→ TASK
Within the entries below, please return exactly the lines from the one with "Pour ceux d’entre" through the one with "BREAKING: Residential high-rise", leaving out any pictures.

____________

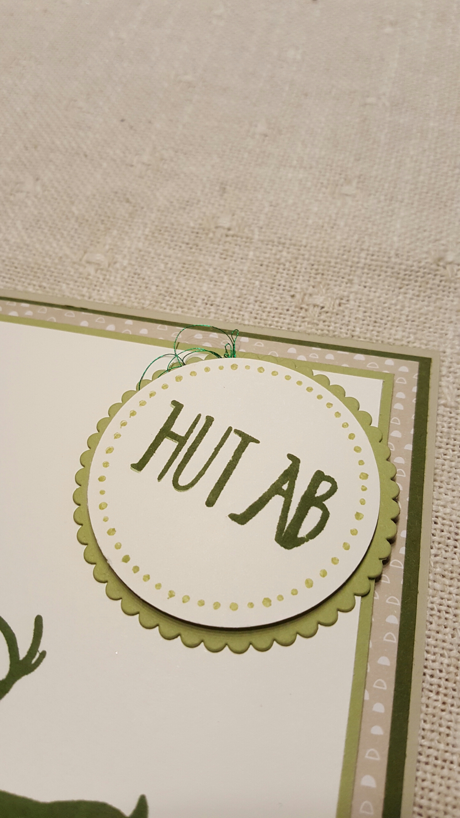 Farblich habe ich mich passend zum Thema „Schützen“ in grün ausgelobt. Und auch hier kamen einen alte Farbe – nämlich Waldmeister – und ein Reste vom Designerpapier „meine Party“ in Saharasand zum Einsatz. Ergänzt habe ich meine Karten mit den Farben Farngrün und teilweise olivgrün.
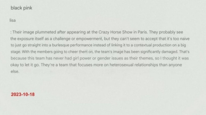 โดยในเอกสารยังระบุว่า HYBE มองว่าการปรากฏตัวของลิซ่าที่ Crazy Horse Show ส่งผลกระทบต่อภาพลักษณ์ของเธอในสายตาสาธารณชน โดยแสดงให้เห็นว่าการแสดงที่มีเนื้อหาเซ็กซี่นี้ไม่ได้เชื่อมโยงกับบริบทศิลปะที่ชัดเจน ทำให้ถูกวิจารณ์ว่าเป็นการแสดงที่ขาดความลึกซึ้ง ดูเหมือนเป็นการล้อเลียนที่ไร้เดียงสา และภาพลักษณ์ของวง BLACKPINK โดยรวมก็ได้รับผลกระทบไปด้วย
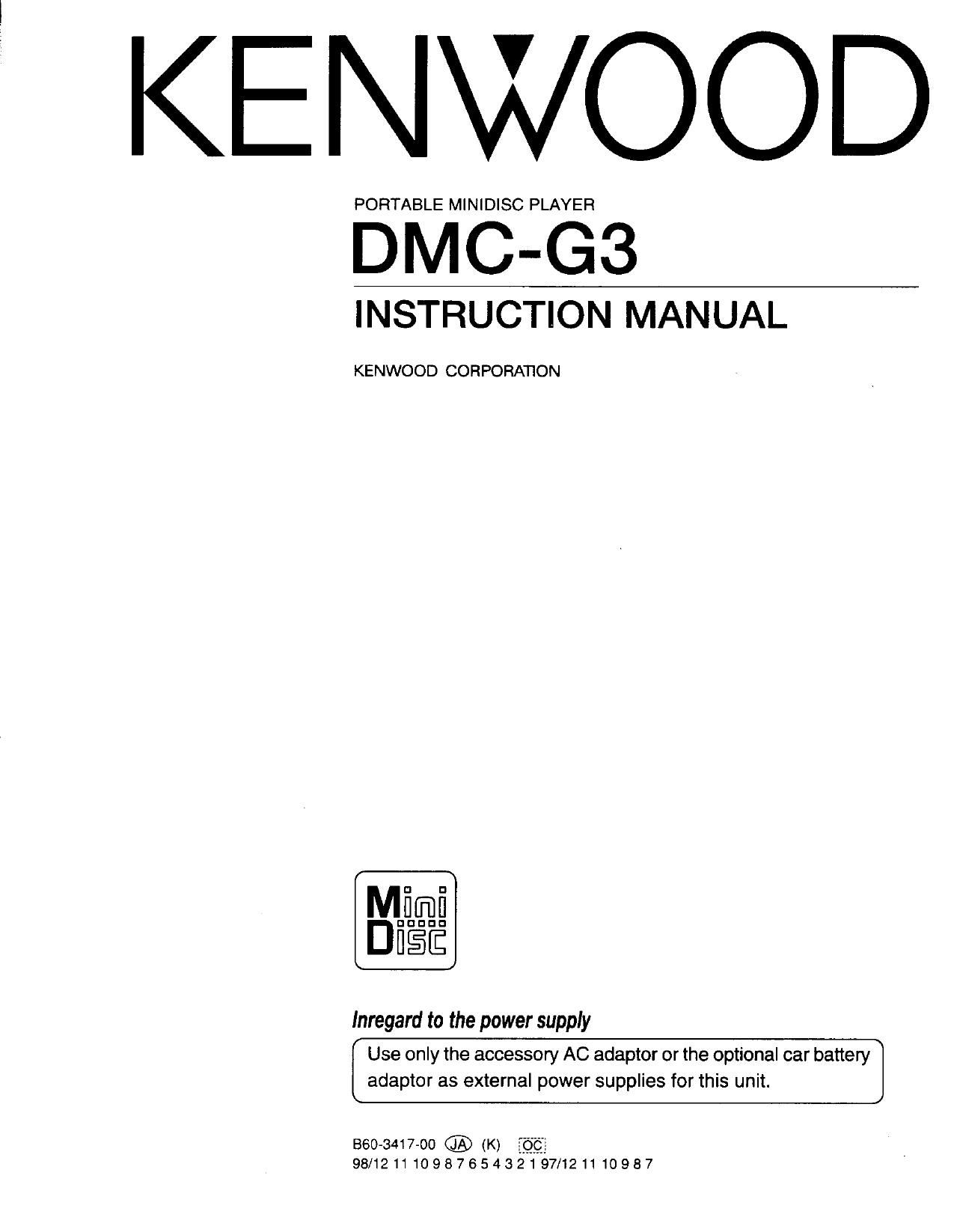 This is the 32 pages manual for Kenwood DMCG 3 Owners Manual.
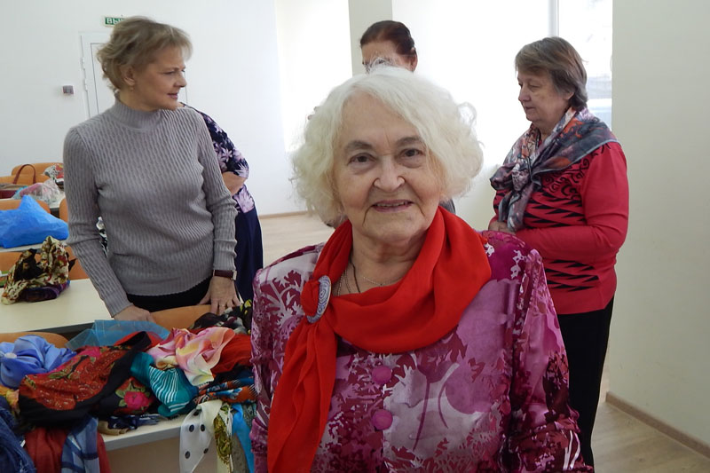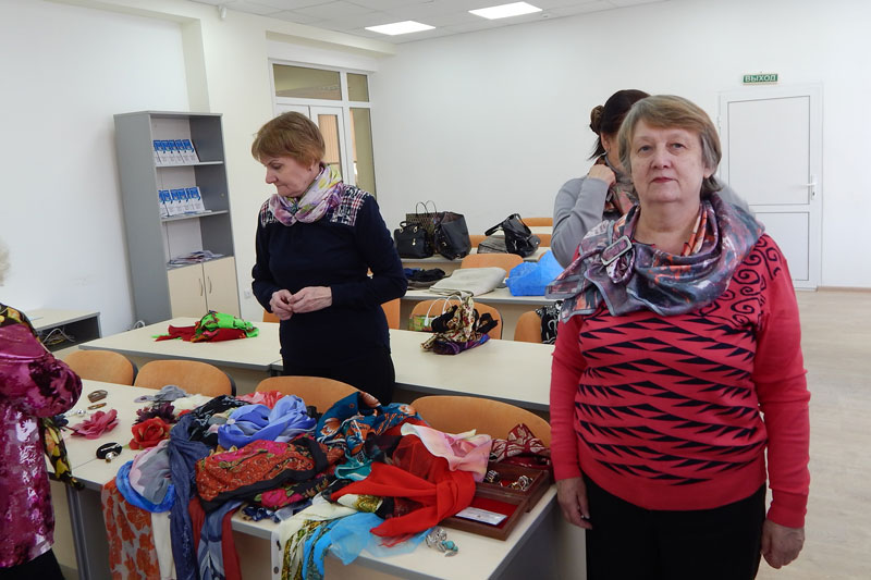 В первый весенний выходной, 3 марта, клуб любителей компьютера и интернета «Свет в окне» собрался на очередную встречу. Очный состав клуба - женский, и это заседание было посвящено созданию весеннего образа: собравшиеся учились украшать одежду платками, палантинами и шарфиками. Интернет заполнен видеосюжетами и графическими образами на эту тему, и наши дамы могли всё это, конечно, посмотреть самостоятельно. Но отдельное удовольствие – увлеченно выбирать из пестрой кучи подходящий к одежде платок себе и другим, осваивать рисунки узлов, примерять их, смотреть на себя в зеркало и удивляться, удивляться, удивляться…
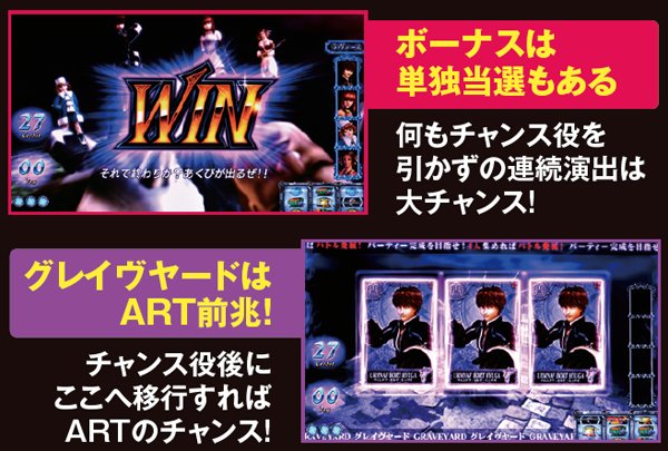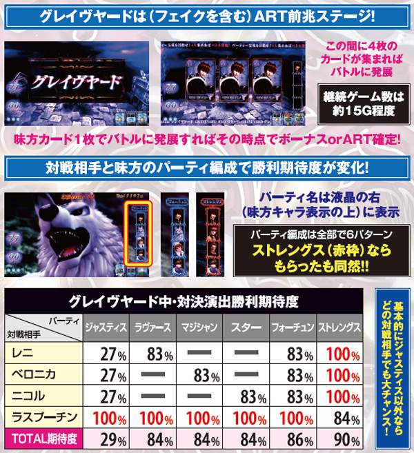 グレイヴヤードへの移行はフェイクを含む前兆が確定し、味方カード1枚でのバトル発展は問答無用でボーナスorART確定。バトル時は対戦相手と共にパーティ編成も重要で、基本的にジャスティス以外が選ばれれば勝利に大きな期待が持てる。
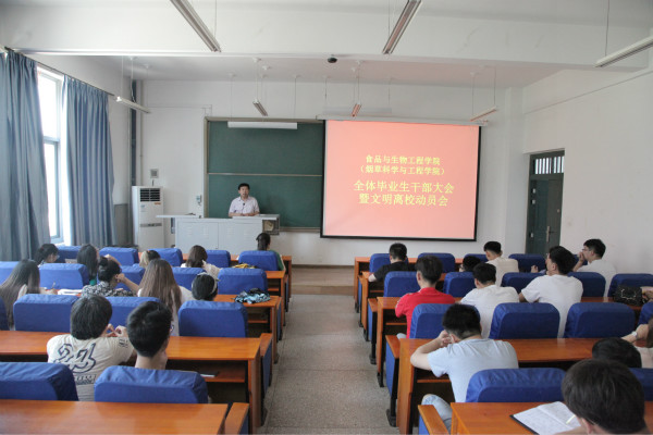 2018年6月12日下午2点,食品与生物工程学院(烟草科学与工程学院)在食工楼209教室召开了全体毕业生干部大会暨文明离校动员会。我院党总支书记吴占超老师、全体辅导员老师、全体硕士及本科毕业生党员、学生干部参加了此次会议。
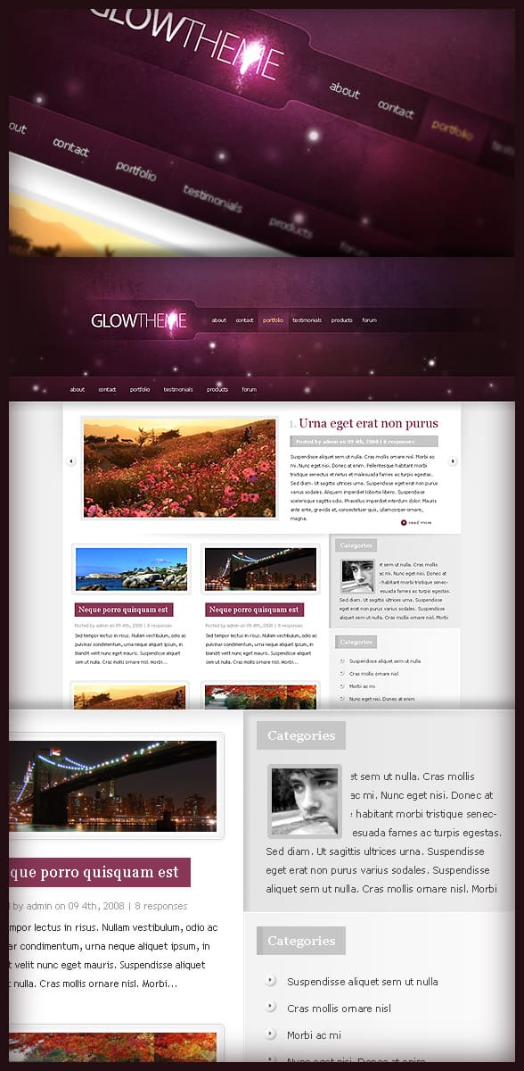 Pour ceux d’entre vous qui fêtent Noël, j’espère que vous avez passé d’agréables vacances. J’ai profité de quelques jours de bonne bouffe et de temps en famille, mais j’ai également effectué des travaux préliminaires sur un nouveau design. Je sais que ce ne sera pas la tasse de thé de tout le monde, et peut-être que certains d’entre vous sont essayés mauve, mais je suppose que j’ai encore besoin de le sortir de mon système! C’est un design assez «flashy», bien plus que d’habitude – ce doit être la pléthore de lumières de Noël que je vois tous les soirs, ou peut-être que l’esprit de Noël m’a juste pétillant genre d’humeur. Le design s’appelle «Glow», et ce n’est qu’au tout début du développement. Cela signifie que cela pourrait changer un peu avant sa sortie, je ne suis pas sûr, mais je sais que certains d’entre vous aiment avoir une idée de ce qui se passe dans les coulisses, alors allez-y:
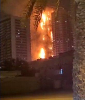 BREAKING: Residential high-rise building in Ajman, the United Arab Emirates is currently on fire.pic.twitter.com/QK8vubiKHZ
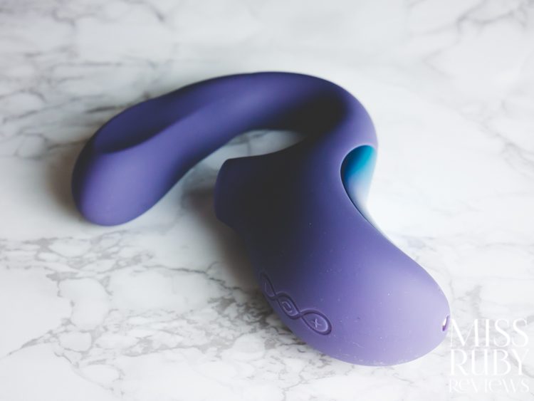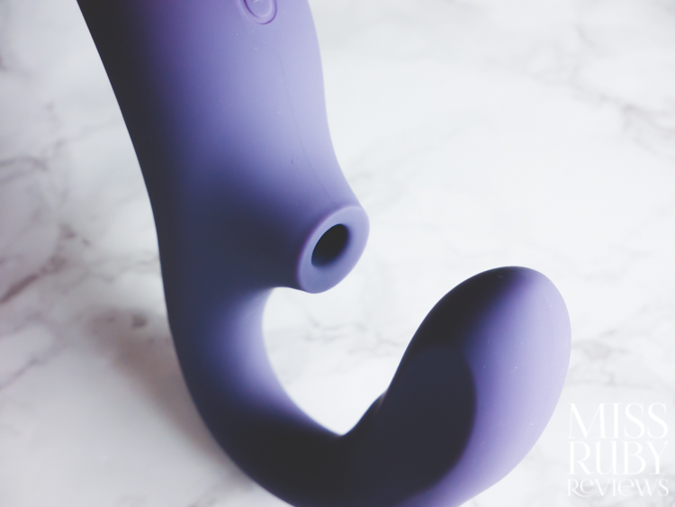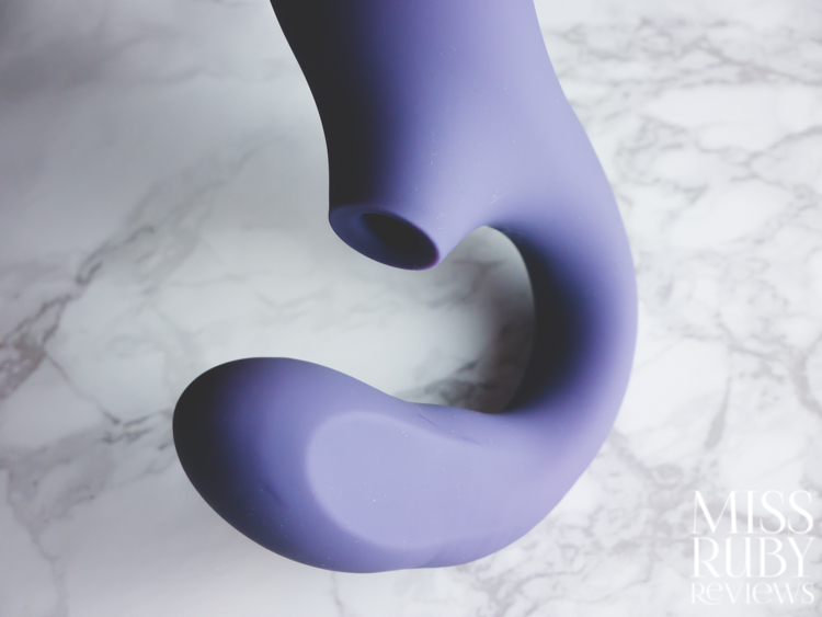 At first glance, the body reminded me of a LELO Sona — you’ve got a gently bulbus, gently curving handle with a suction mouth at the end. But then it quickly shifts into a U-shaped shaft — this part is G-spot insertable, and features both vibration and a waving motion.

____________

→ ANSWER TO THE PROBLEM
 Pour ceux d’entre vous qui fêtent Noël, j’espère que vous avez passé d’agréables vacances. J’ai profité de quelques jours de bonne bouffe et de temps en famille, mais j’ai également effectué des travaux préliminaires sur un nouveau design. Je sais que ce ne sera pas la tasse de thé de tout le monde, et peut-être que certains d’entre vous sont essayés mauve, mais je suppose que j’ai encore besoin de le sortir de mon système! C’est un design assez «flashy», bien plus que d’habitude – ce doit être la pléthore de lumières de Noël que je vois tous les soirs, ou peut-être que l’esprit de Noël m’a juste pétillant genre d’humeur. Le design s’appelle «Glow», et ce n’est qu’au tout début du développement. Cela signifie que cela pourrait changer un peu avant sa sortie, je ne suis pas sûr, mais je sais que certains d’entre vous aiment avoir une idée de ce qui se passe dans les coulisses, alors allez-y:
 BREAKING: Residential high-rise building in Ajman, the United Arab Emirates is currently on fire.pic.twitter.com/QK8vubiKHZ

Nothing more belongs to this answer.